Only minutes ago, she had watched the pale-faced and drawn Mary Lynn walk out of the ready room behind an Army officer. The petite woman had lost the natural color that usually highlighted her round cheekbones. Her dark eyes had become haunted with apprehension. But Eden looked with envy at the two pillows Mary Lynn had clutched to her breast like a shield.
“There goes Number Thirty-seven lifting off,” Chicago observed in a low, taut voice, referring to the aircraft number of the low-winged PT-19. “Isn’t that the plane Mary Lynn’s flying?”
“I think so.” Cappy was the only one of the group who didn’t appear to be a victim of the intense pressure weighing on them all. Looking calm and unflappable, she puffed on a cigarette. Eden grinned to herself when she noticed there was already a cigarette burning in the ashtray. Cappy wasn’t as poised as she looked.
Earlier in the day, they’d all paid their ritual visit to the Wishing Well and thrown their coins into the pool, making a wish for an “up-check.” Some even added a prayer to Fifinella, the Disney-designed, female gremlin who was the mascot for the women pilot trainees. At the time, Eden had joked about the half dollar she had tossed into the pool, laughing at her own extravagant gesture and declaring that she was buying the fulfillment of her wish.
“Van Valkenburg.” A flat, deep-toned voice called her name.
Her head jerked around, and her heart plummeted to her toes, turning her legs into rubber. Somehow she managed to crush out her cigarette despite the shaking of her hand, and scrambled to her feet, the parachute pack banging against her legs.
The military officer at the door was searching the room for a response to the name he’d called. When Eden stood up, his gaze stopped on her. With a cold, cocky arrogance, he looked her over. How much would it take to bribe him? Money, power, prestige, all the commodities that had cushioned Eden all her life had no value in th
is situation. It was a chastening thought to one accustomed to acquiring what she wanted through one means or another.
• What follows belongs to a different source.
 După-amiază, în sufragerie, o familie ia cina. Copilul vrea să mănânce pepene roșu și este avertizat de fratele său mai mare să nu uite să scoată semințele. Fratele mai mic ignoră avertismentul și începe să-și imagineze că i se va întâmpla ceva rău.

With her head held unnaturally high, she unknowingly made a comical sight as she crossed the room. All the grace inherent in her regal carriage looked gauche and ridiculous in the flappy, out-sized flight suit. Her long, leggy strides were reminiscent of a galloping giraffe. The amused smirk on the officer’s face was understandable when she stopped before him.
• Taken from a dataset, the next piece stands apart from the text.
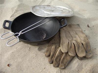 "Outdoor" Brotbackset: Ein gusseiserner Wok, Aludeckel (den braucht man für die Oberhitze :-), Grillzange und -handschuhe. Damit lässt sich auf jeder Glut ein Brot oder ein Kuchen backen. Sehr praktisch und unkaputtbar.

“I’m Eden van Valkenburg,” she said.
When she followed him onto the flight line, she was a quivering gel of nerves. As she made her walk-around ground check of the assigned aircraft, Eden knew she was going to make some stupid mistake. All his questions seemed snide and tricky while all her answers sounded uncertain, even when she was positive of them. Was he trying to trip her up, or was it merely her imagination?
In the forward cockpit of the trainer, Eden wiped repeatedly at her sweaty palms before she pulled on her gloves. She was so scared, she was close to tears. As she went through the preflight checklist, anger started to build in her. Who did this man think he was, intimidating her in this manner? She had studied and trained long hours for this moment. She’d gone through too much and worked too hard to blow it now. Dammit, she was a fine pilot!
Later, when she crawled out of the cockpit and hopped off the wing of the primary trainer, she confronted the close-faced military inspector. She took off helmet and goggles along with the hairnet. She shook her head with an exhilarating sense of freedom and brought her hands to rest on her flight-suit-padded hips in an unconsciously challenging stance.
“Well?” Eden prodded him for a reaction. Despite all her confidence in her ability, she needed to hear the confirmation from an unbiased—or better yet, negatively biased—source. “How did I do?”